Information given:
——————

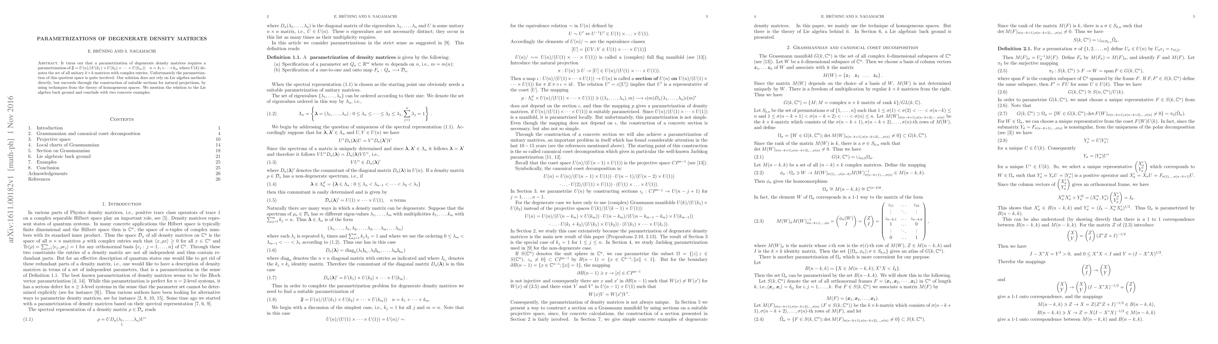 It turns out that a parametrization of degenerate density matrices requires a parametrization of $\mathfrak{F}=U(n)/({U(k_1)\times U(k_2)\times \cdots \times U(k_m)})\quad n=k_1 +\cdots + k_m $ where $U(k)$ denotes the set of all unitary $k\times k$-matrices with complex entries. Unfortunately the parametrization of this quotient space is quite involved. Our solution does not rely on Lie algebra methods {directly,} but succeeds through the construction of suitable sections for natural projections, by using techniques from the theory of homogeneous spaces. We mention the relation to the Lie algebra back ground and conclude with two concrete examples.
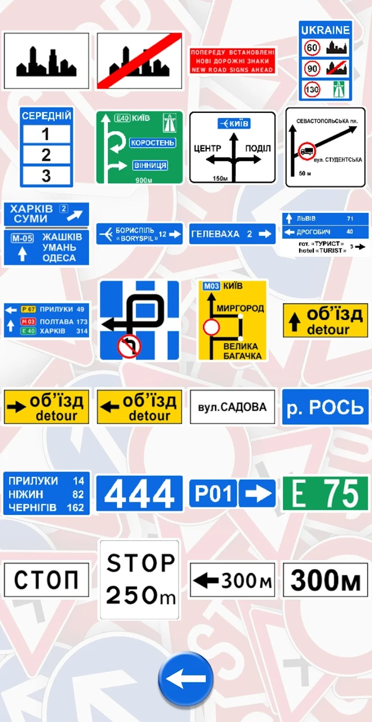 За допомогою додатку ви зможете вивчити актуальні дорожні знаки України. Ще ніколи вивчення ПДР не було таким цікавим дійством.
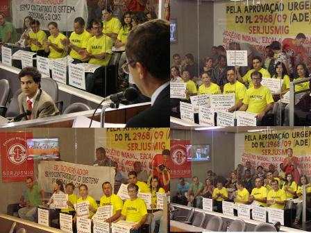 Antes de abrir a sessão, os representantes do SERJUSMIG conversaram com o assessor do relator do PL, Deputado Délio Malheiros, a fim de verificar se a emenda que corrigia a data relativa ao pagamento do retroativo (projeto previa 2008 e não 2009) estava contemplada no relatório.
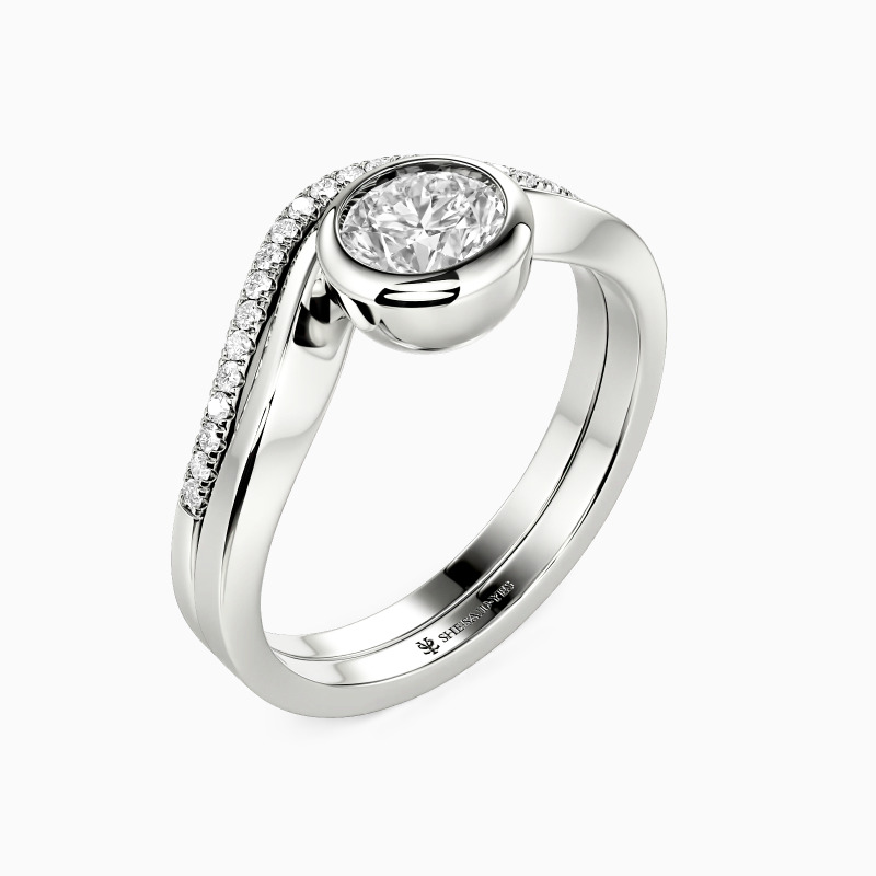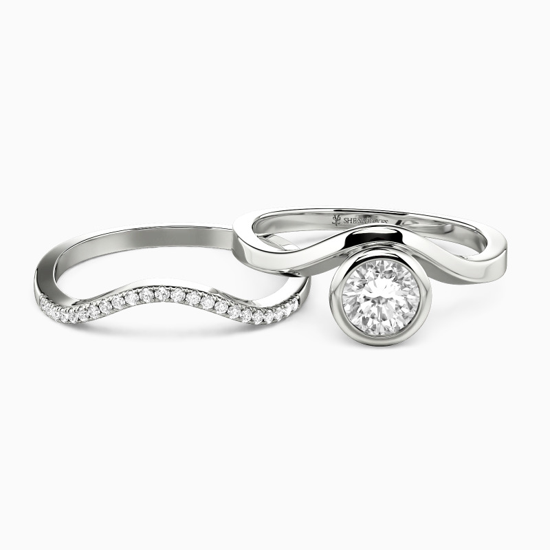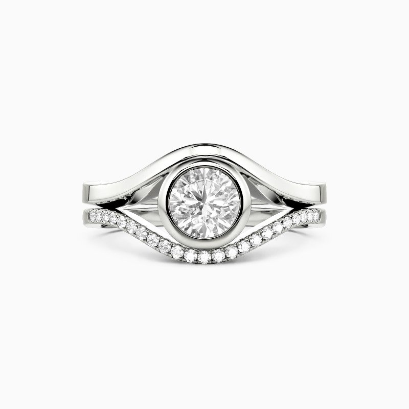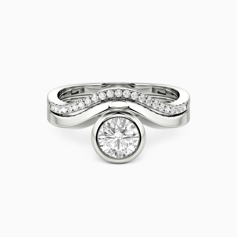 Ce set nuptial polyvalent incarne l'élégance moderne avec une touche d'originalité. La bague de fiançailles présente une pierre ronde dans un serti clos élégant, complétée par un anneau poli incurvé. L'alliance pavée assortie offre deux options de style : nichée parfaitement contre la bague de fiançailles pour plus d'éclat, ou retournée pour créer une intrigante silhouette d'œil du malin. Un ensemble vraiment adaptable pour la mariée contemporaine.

——————

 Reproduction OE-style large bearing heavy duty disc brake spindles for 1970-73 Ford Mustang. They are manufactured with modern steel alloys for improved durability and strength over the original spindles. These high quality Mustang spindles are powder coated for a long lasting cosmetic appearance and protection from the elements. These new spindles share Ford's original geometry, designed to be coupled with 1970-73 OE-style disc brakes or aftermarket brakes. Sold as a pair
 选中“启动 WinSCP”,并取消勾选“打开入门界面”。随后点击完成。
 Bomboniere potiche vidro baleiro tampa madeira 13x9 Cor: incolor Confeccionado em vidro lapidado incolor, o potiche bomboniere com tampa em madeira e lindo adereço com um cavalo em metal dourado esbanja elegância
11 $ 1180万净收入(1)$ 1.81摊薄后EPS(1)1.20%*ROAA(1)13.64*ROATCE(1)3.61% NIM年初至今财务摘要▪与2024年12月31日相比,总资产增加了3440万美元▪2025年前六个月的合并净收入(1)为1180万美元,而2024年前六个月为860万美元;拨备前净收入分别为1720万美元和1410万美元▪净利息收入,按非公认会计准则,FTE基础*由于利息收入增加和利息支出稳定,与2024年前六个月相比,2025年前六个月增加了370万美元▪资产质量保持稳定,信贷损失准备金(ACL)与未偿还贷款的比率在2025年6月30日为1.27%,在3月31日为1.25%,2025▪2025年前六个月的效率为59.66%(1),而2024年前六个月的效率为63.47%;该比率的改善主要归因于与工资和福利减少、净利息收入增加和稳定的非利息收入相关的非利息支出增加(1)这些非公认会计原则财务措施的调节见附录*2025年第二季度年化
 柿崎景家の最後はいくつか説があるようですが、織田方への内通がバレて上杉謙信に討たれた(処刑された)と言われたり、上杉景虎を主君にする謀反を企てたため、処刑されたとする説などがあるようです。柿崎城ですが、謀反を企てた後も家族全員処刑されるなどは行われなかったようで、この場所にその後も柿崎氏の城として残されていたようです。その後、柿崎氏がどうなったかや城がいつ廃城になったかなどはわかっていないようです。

——————

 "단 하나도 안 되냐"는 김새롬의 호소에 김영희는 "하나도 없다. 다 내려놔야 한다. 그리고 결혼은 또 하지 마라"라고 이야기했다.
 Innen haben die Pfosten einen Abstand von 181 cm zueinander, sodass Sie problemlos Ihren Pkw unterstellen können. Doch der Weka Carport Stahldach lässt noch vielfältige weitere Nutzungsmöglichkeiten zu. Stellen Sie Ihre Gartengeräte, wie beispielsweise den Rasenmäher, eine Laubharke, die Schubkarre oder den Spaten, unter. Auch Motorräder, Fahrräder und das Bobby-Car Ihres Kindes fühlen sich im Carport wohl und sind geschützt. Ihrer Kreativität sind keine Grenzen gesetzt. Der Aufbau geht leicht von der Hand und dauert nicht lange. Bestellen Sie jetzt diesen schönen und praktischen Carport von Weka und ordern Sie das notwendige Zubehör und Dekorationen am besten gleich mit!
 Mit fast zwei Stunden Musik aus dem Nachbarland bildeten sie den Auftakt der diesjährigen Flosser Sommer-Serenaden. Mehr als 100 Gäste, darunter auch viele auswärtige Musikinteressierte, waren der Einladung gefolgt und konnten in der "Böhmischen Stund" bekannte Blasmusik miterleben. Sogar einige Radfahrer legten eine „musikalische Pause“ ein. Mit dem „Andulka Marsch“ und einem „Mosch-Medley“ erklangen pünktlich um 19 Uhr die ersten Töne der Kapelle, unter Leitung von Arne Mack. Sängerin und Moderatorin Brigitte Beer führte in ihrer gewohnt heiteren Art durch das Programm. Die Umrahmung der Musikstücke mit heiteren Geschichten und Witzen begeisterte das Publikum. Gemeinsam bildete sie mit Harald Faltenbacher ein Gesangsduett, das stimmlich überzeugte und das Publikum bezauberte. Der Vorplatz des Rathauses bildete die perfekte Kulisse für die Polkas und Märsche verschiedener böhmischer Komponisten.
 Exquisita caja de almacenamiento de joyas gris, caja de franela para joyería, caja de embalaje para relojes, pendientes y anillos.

——————

Starting with the line that has "It turns out" and going on through the line that has "Antes de abrir", transcribe the records above exactly, but skip the pictures.

 It turns out that a parametrization of degenerate density matrices requires a parametrization of $\mathfrak{F}=U(n)/({U(k_1)\times U(k_2)\times \cdots \times U(k_m)})\quad n=k_1 +\cdots + k_m $ where $U(k)$ denotes the set of all unitary $k\times k$-matrices with complex entries. Unfortunately the parametrization of this quotient space is quite involved. Our solution does not rely on Lie algebra methods {directly,} but succeeds through the construction of suitable sections for natural projections, by using techniques from the theory of homogeneous spaces. We mention the relation to the Lie algebra back ground and conclude with two concrete examples.
 За допомогою додатку ви зможете вивчити актуальні дорожні знаки України. Ще ніколи вивчення ПДР не було таким цікавим дійством.
 Antes de abrir a sessão, os representantes do SERJUSMIG conversaram com o assessor do relator do PL, Deputado Délio Malheiros, a fim de verificar se a emenda que corrigia a data relativa ao pagamento do retroativo (projeto previa 2008 e não 2009) estava contemplada no relatório.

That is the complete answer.